A phonecall? A prayer? A seánce? Laura Kasiskche’s poem floats like a half-remembered dream, touching down on the edges of sense and reason just enough to suggest an animate, haunting, and unnameable truth. The poem deploys gothic imagery within a deceptively domestic schema: sleeping husbands and eavesdropping daughters, kitchen table conversations during Christmastime. You feel rather than see—because seeing would be incomplete—a delicate strand of unspoken reality between a mother and her daughter, and her future daughter, captured in a jar of salt water and held secret for thirty-six years.


 

 

my father’s body was simple,
it had a lack my body carried into

water.

 

from Fragile

by Victor Ugwu in Africa: An Anthology of Contemporary Poetry (hosted by Brittle Paper)

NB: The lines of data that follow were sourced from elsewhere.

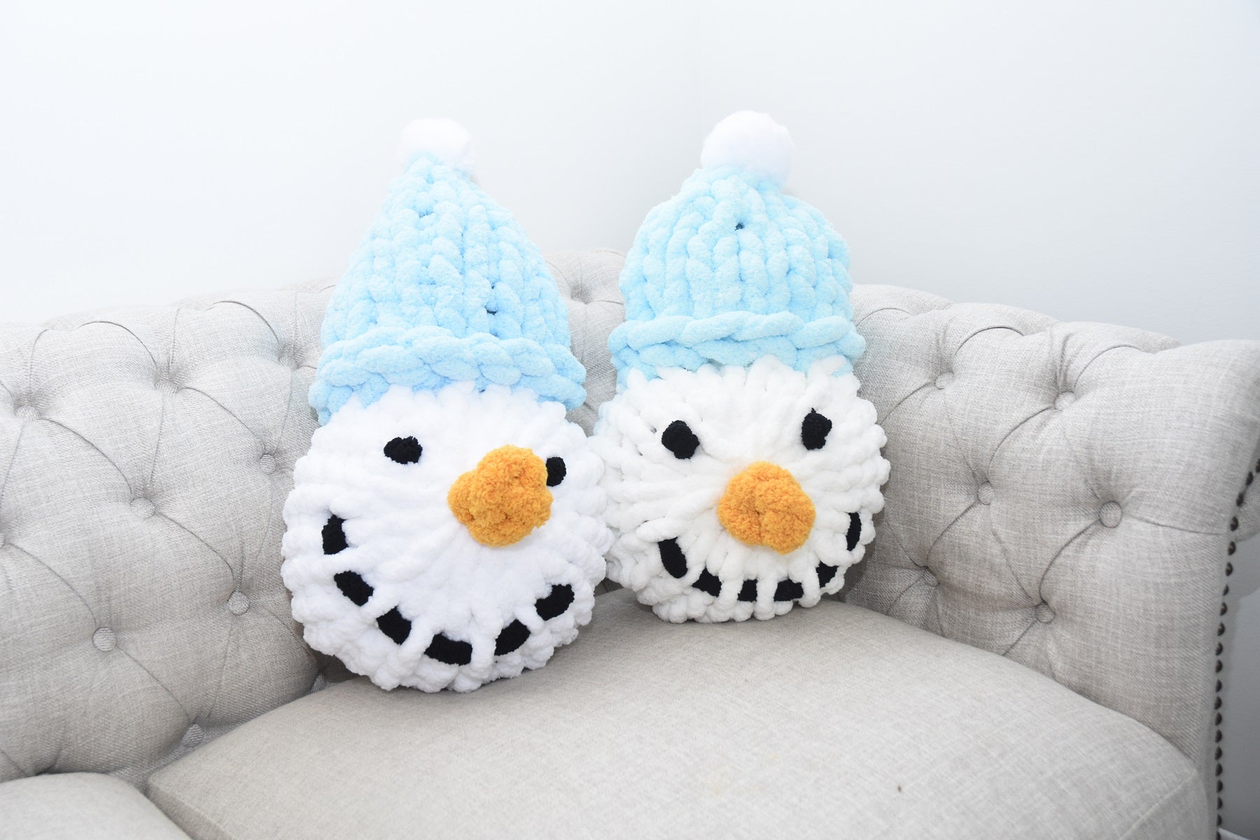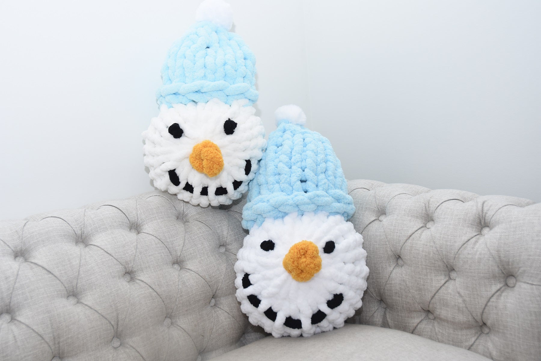 This cute Snowman pillow is made with BeCozi Chunky chenille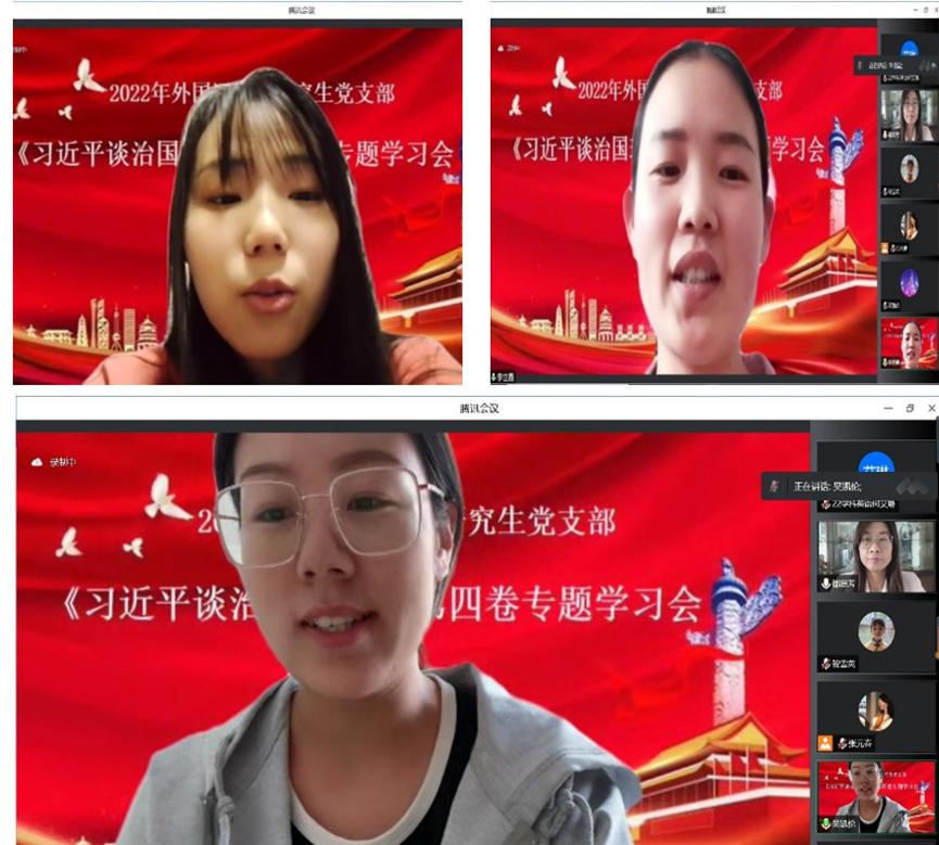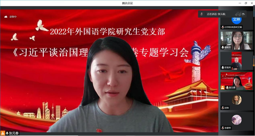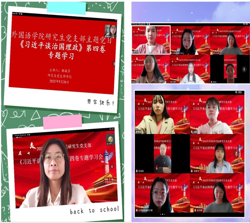 9月26日下午14:00,太阳成集团tyc33455cc官方网站研究生党支部采用线上会议形式开展《习近平谈治国理政》第四卷专题学习。太阳成集团tyc33455cc官方网站研究生全体党员参加会议,会议由研究生党支部书记都庭芳老师主持。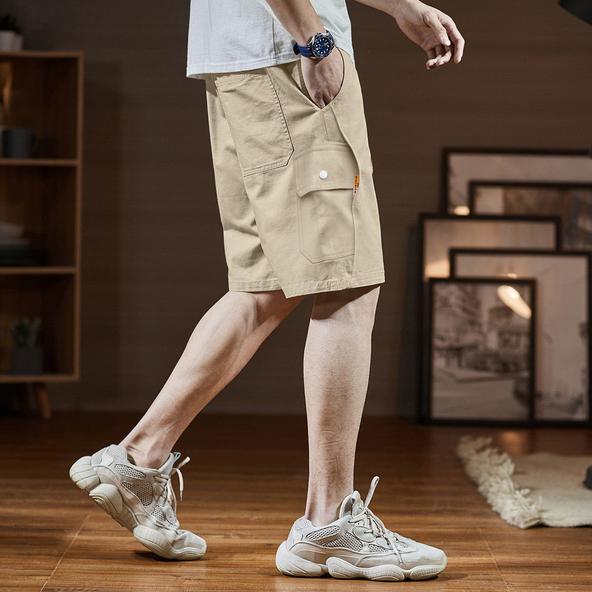唐狮春夏季新款休闲裤男工装风短裤宽松五分裤抽绳休闲短裤潮流

All families lie fragile in the end, none immune to trauma or pain or hidden hurt. The speaker’s display of family in “Fragile” shines familiar—the poem gives a sibling in distress, a mother losing her body to the family, a father lost, aching, lacking, but hopeful. Victor Ugwu performs the truism of poetry with “Fragile”: the specificity reveals the universality; and the poem serves us well to remind all that our family is neither alone nor special, a state of equitable fragility.


 

 

Our bones remodel themselves all the time, my father
through the phone. He is explaining to me how

deer lose their antlers each spring and people break
their knees and hips. Recently I have thought of changing

my hair and my attitude toward the person I love.

from Osteoclasts

by Madeleine Wattenburg in Sixth Finch

Great poems often reveal intimacy like the night’s first star, an authentic private exploration and search for truth amidst the dark void background of ambiguous, layered, unraveling reality. “Osteoclasts” is essentially a meditation on losing love, the speaker seeking answers in the bits of words and phrases and memories of her familial past, latching on, as we do, to the minutia of graspable fact: in this case, broken bones.